Axis’in bir efsanenin bariyerini açabilmesi, Zess’in ne kadar tehlikeli ve güçlü olduğunu gösteriyordu. Ancak bununla birlikte Zess bundan ağır bir şekilde etkilenmiş olmalıydı. Oldukça yorgun görünüyordu. Ve bu bir bakıma saçma bir hareketti. Çünkü bu bariyer açılsa dahi büyü güçleri, yeterince çabuk eski haline gelemezdi. Zaman gerekiyordu.
Küçük kız dudaklarını büzdü. Zess’e doğru somurmaktan aşağı düşecek çenesini açtı.
“Ama kuralı önce bozdunuz… Şimdi biz de büyü kullanmak zorundayız.”

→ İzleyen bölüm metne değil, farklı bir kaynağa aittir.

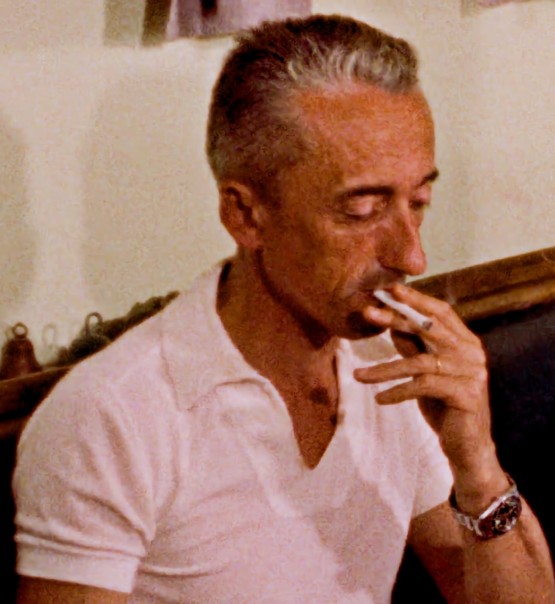 Cousteau avec sa Rolex trop large, pour pouvoir la mettre au dessus de sa combinaison de plongée...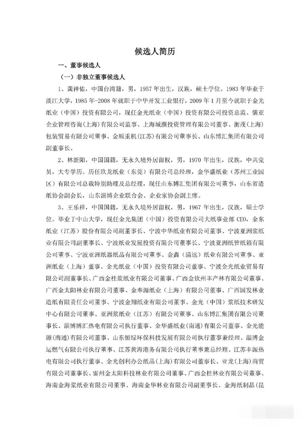 鑒于山東博匯紙業股份有限公司(以下簡稱“公司”)間接控股股東已變更為金光紙業(中國)投資有限公司(以下簡稱“金光紙業”),公司董事會、監事會擬提前進行換屆。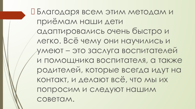 Слайд 24Благодаря всем этим методам и приёмам наши дети адаптировались очень быстро
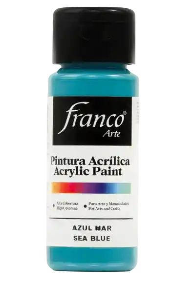PINTURA ACRÍLICA FRANCO ARTE Descubre una pintura versátil, segura y de alto desempeño. La Pintura Acrílica Franco Arte está elaborada con emulsiones acrílicas base agua, ofreciendo una excelente adherencia, cobertura superior y un acabado profesional. Diseñada para creadores exigentes, esta pintura es ideal tanto para proyectos artísticos como decorativos. Multiusos y versátil: Se adhiere fácilmente a una amplia variedad de superficies como madera, MDF, cartón, yeso, cerámica, papel, icopor y paredes interiores. Es perfecta para manualidades, decoración del hogar, restauración de objetos, señalización, lettering, técnicas mixtas, arte country y mucho más. Su fórmula permite aplicarla con pincel, rodillo, espátula o esponja, lo que la convierte en la aliada ideal para artistas, docentes, estudiantes y amantes del DIY. Fórmula no tóxica: segura para todas las edades, sin sacrificar intensidad de color ni resistencia. Rendimiento y precisión: Cubre más con menos. Su textura permite trazos definidos, mezcla de colores uniforme y una aplicación sin complicaciones.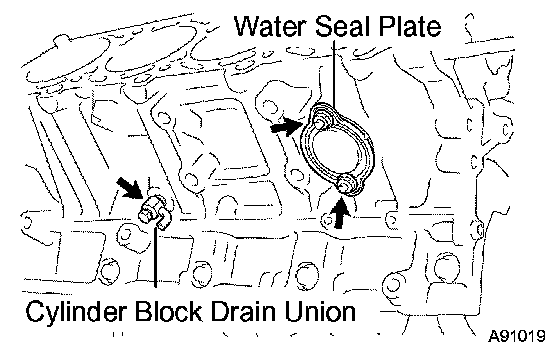 1. REMOVE CYLINDER BLOCK DRAIN COCK SUB-ASSY AND WATER SEAL PLATE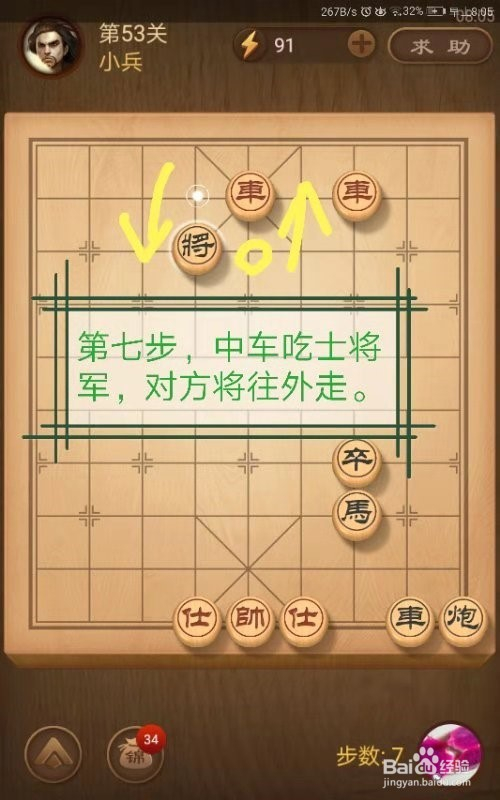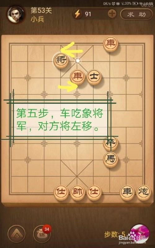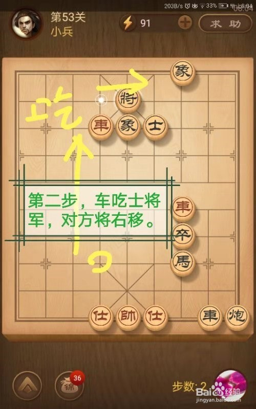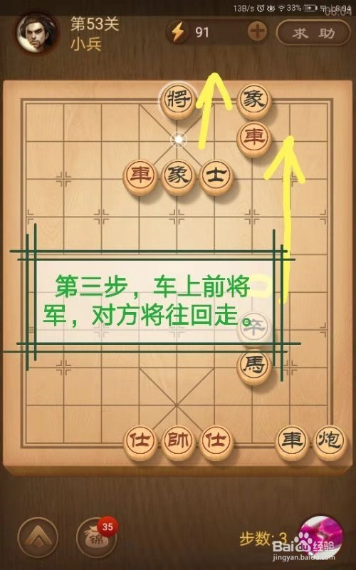打开手机,打开天天象棋,选择闯关,选择53关,棋局如图。

Zess ve Axis farklı kılıçlara sahipti. Axis’in elindeki kılıç ağırlığı dengesiz bir kılıçtı. Hareketi yavaş olmasına rağmen darbeleri normalde olduğundan daha ölümcüldü. Zess’in elindeki kılıç ise yakın dövüş için ideal bir kılıç olmasının yanı sıra oldukça hafifti. Her iki kılıçla birlikte ne kadar güçlü görünse de Azul hiç de zorluk çekmiyordu.
Zess çok iyi anlıyordu, kapana sıkışmışlardı. Öldürmek yerine oynamak istiyorlardı. Axis şekil değiştirdiği ve bariyerleri açtığı için güçsüzdü. Aynı şekilde Zess bariyerleri açarak kendi gücünü de azaltmıştı. Ancak Azul’un nedense halen daha büyü kullanmıyor oluşu onun için fırsattı.
Şaşkınlıkla Azul’un kılıçları elleriyle durdurmasını izledi Zess... Kılıçları onun elini kesmiyor hatta onun elleri kılıçların aşınmasına sebep oluyordu. Kadim bir kılıcı aşındırmak nasıl mümkün olabilirdi?
Azul ustalıkla savrulan kılıçlardan kaçarken, rahatlıkla gözlemledi kılıçları. Beyaz renkteki kılıç daha güçsüz vuruşlara sahipti. Azul’un kendinden emin sesi duyuldu.
“Biri beyaz kılıç birisi ise altın rengi... Hanginiz kılıç, hanginiz sahip? Kılıcın gerçek hali altın olmalı. Az önce yoruldun, değil mi?”
Bakışları Axis’in üzerinden sıyrılarak Zess’te kilitlendi. Devam etti Azul konuşmasına...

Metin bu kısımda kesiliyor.